The secretary of state wowed 'em in Europe, even in Paris, where some of the old geezers leaning on their canes and sipping absinthe on the Champs Elysee thought she was Josephine Baker (without the bananas), demonstrating what we already knew over here: Condi is as good as she looks.

Now she's off to Asia, and she stopped at The Washington Times for coffee, Danish and conversation about the hard cheeses inevitably served up to secretaries of state.

When we asked her about her harsh characterization of the harsh regime in North Korea ("an outpost of tyranny"), the sort of plain speech that usually sends the ladies-in-waiting at the State Department for smelling salts, she didn't back down a millimeter. "I don't think there is any doubt that I spoke the truth," she told us. "I don't know that one apologizes for speaking the truth."

This is not how secretaries of state ordinarily talk, weaned as they usually are on blue john and schooled in the ways of avoiding standing up too tall if the national interest is all that's at stake. The first rule in Foggy Bottom is that you save your energy for fighting for the really important stuff, like bureaucratic turf. Six secretaries of state have made it to the White House, but none since James Buchanan in 1857. Thin blood can't cut it.

Naturally a conversation with Condi turns to whether she feels up to saving the republic from Hillary. She clearly expected the question — indeed, one of her flacks urged us, sotto voce, not to forget to ask — and she clearly enjoyed the parrying.

Q: What about 2008?

A: I'm going to try to be a really good secretary of state. I'm going to work really hard at it.
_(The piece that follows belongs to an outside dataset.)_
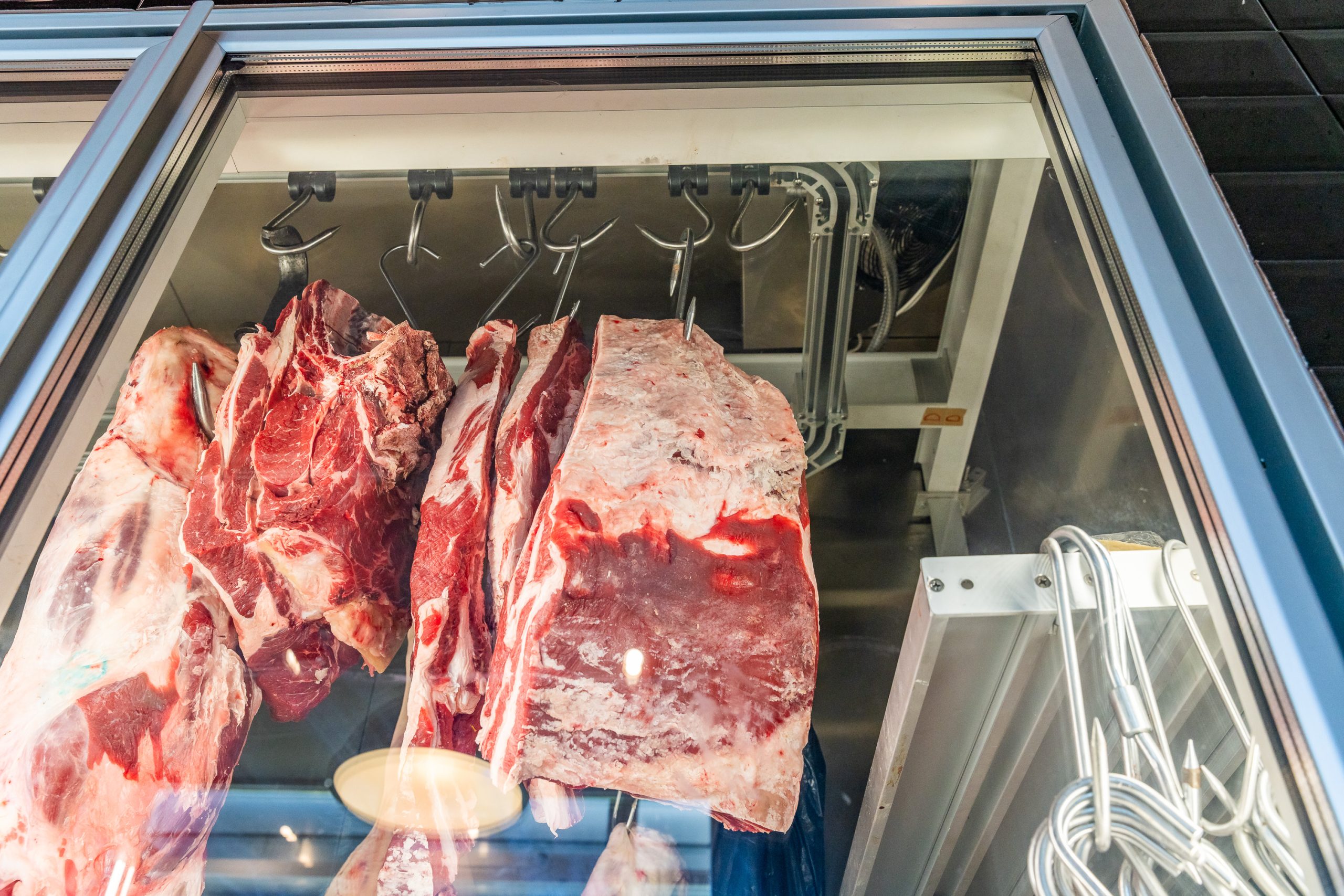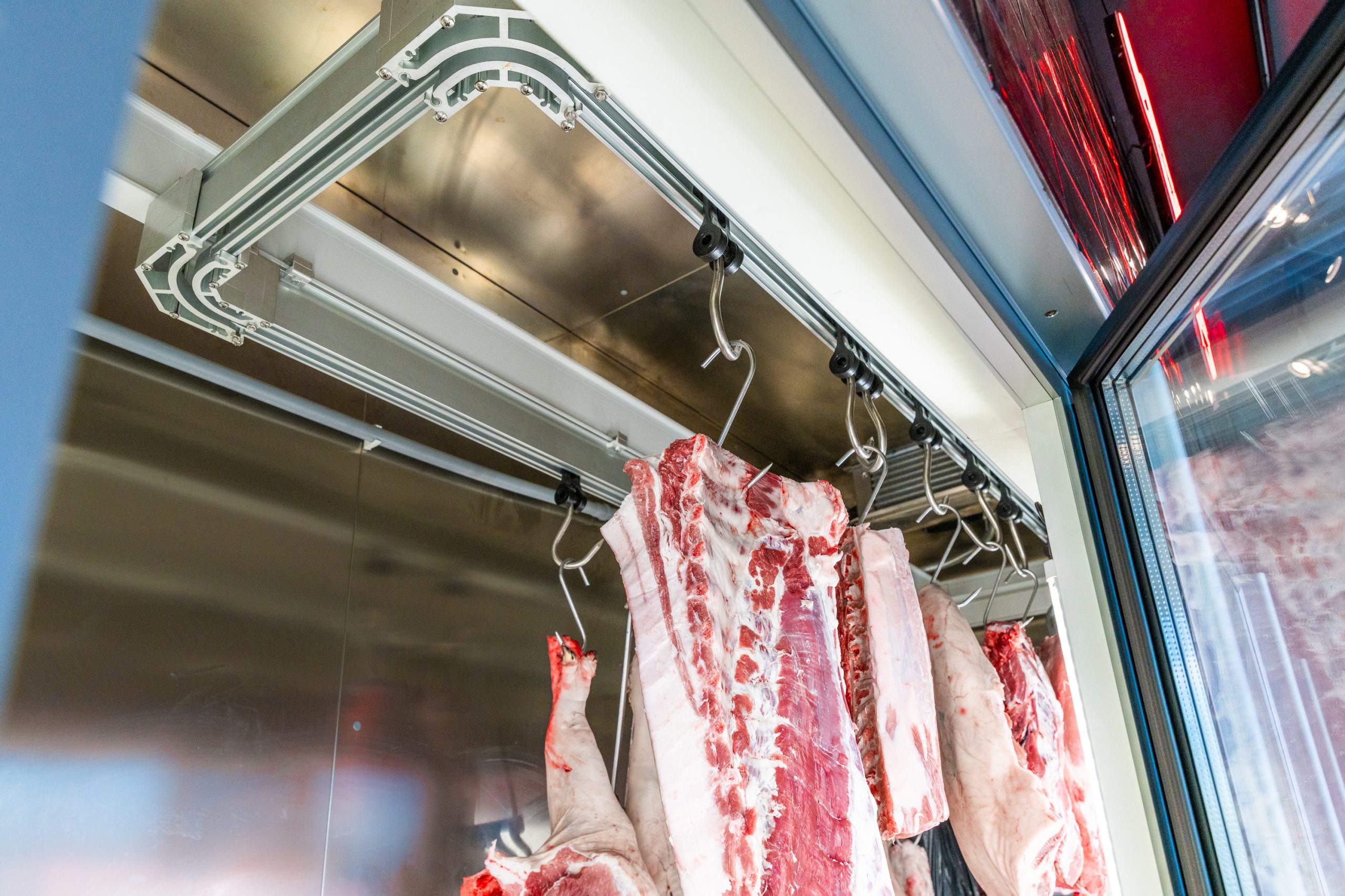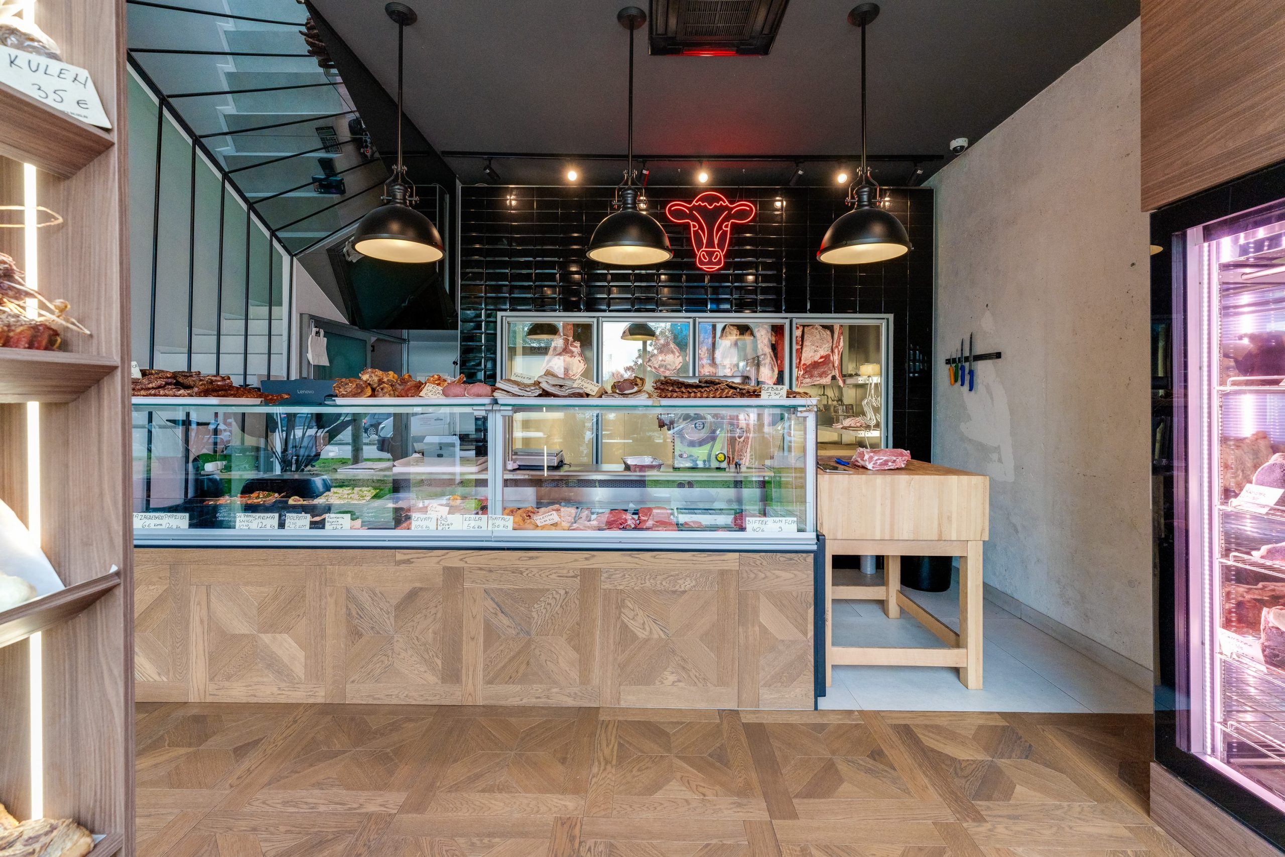 Dizajn, idejno rješenje za mesnicu, oprema za mesnicu, rashladna vitrina i komora za meso, uređaji za pripremu mesa s jedinstvenom koncepcijom rashladne komore koja ima funkciju izložbene komore s prednje strane sva ostakljena. Rashladna komora može primiti veću količinu mesa s uređajem koji je tehnički koncipiran da ne suši meso i održava temperaturu na 0 + 2 °C, ugrađen glajz (transporter) s kliznim kukama na kotačima koje s lakoćom kruže po cijeloj komori, čime se postiže brzina postavljanja izabranog mesa s prednje strane i ostavlja dovoljno mjesta za skladištenje ostalih dijelova mesa sa stražnje strane komore. Kotači glajza s pokretnim kukama se nalaze unutar ALU profila čime se postižu maksimalni higijenski zahtjevi a komadi mesa se neovisno o težini i veličini s lakoćom premiještaju unutar hladne komore. Kvalitetna i višeg ranga rashladna izložbena vitrina talijanske proizvodnje za temperaturni režim mesa 0 + 2 °C, blagom ali ravnomjernom i stabilnom cirkulacijom zraka omogućava pravilno održavanje mesa bez sušenja, moderna ravna stakla s hidrauličnim cilindrima za podizanje prema gore, rasvjeta s posebnom nijansom rosa-crvene koja ističe prirodnost, svježinu i boju mesa, komora u vetrini ispod izložbenog prostora za dodatno skladištenje mesa. Rashladna izložbena vitrina s posebnim sustavom za odležavanje mesa (DRY AGE BEEF) omogućava kontrolu vlage i temperature te održavanje stabilne kiselosti 5.4 – 7.0 (Ph vrijednost). Stroj za izradu ćevapa i burgera (pljeskavica) s kapacitetom od 100 kg/h omogućava dodatno povećanje kapaciteta ove mesnice. Na stroju se kalup po potrebi brzo mijenja, može proizvoditi razne forme burgera (pljeskavice) i razne dužine ćevapa. Na jednostavan način se podešava željena težina, prednost stroja je velika preciznost, zauzima malo mjesta na stolu, lako je na kraju rada izvaditi i oprati dijelove.

I have enormous respect for people who do run for office. It's really hard for me to imagine myself in that role.

Someone asked whether she would "do a Sherman," reprising the 1884 declaration of Gen. William Tecumseh Sherman, the infamous terrorist dispatched by Lincoln to burn Georgia: "I will not run if nominated and will not serve if elected." This is the gold standard of denial.

A: Oh, that's not fair. [Laughter]

Q: Well, newspapers aren't fair.

A: The last thing I can — I really can't imagine it.

The secretary played a similar game of Ping-pong with Tim Russert two days later on NBC's "Meet the Press." "I've never wanted to run for anything, and I just don't have any desire to do it."

Q: Desire, or intention?

A: Both.

He, too, asked whether she would "do a Sherman."

A: Tim, I don't want to run for president.

Q: I will not run?

A: I do not intend to run. No, I will not run for president of the United States. How's that? I don't know how many ways to say no in this town. I really don't.

Q: Period? I will not run as president of the United States?

A: I have no intention. I don't want to run. I think people who run are great, but I don't want to run.

Q: It's a Shermanesque statement?

A: Shermanesque statement.

Q: You're done? You're out?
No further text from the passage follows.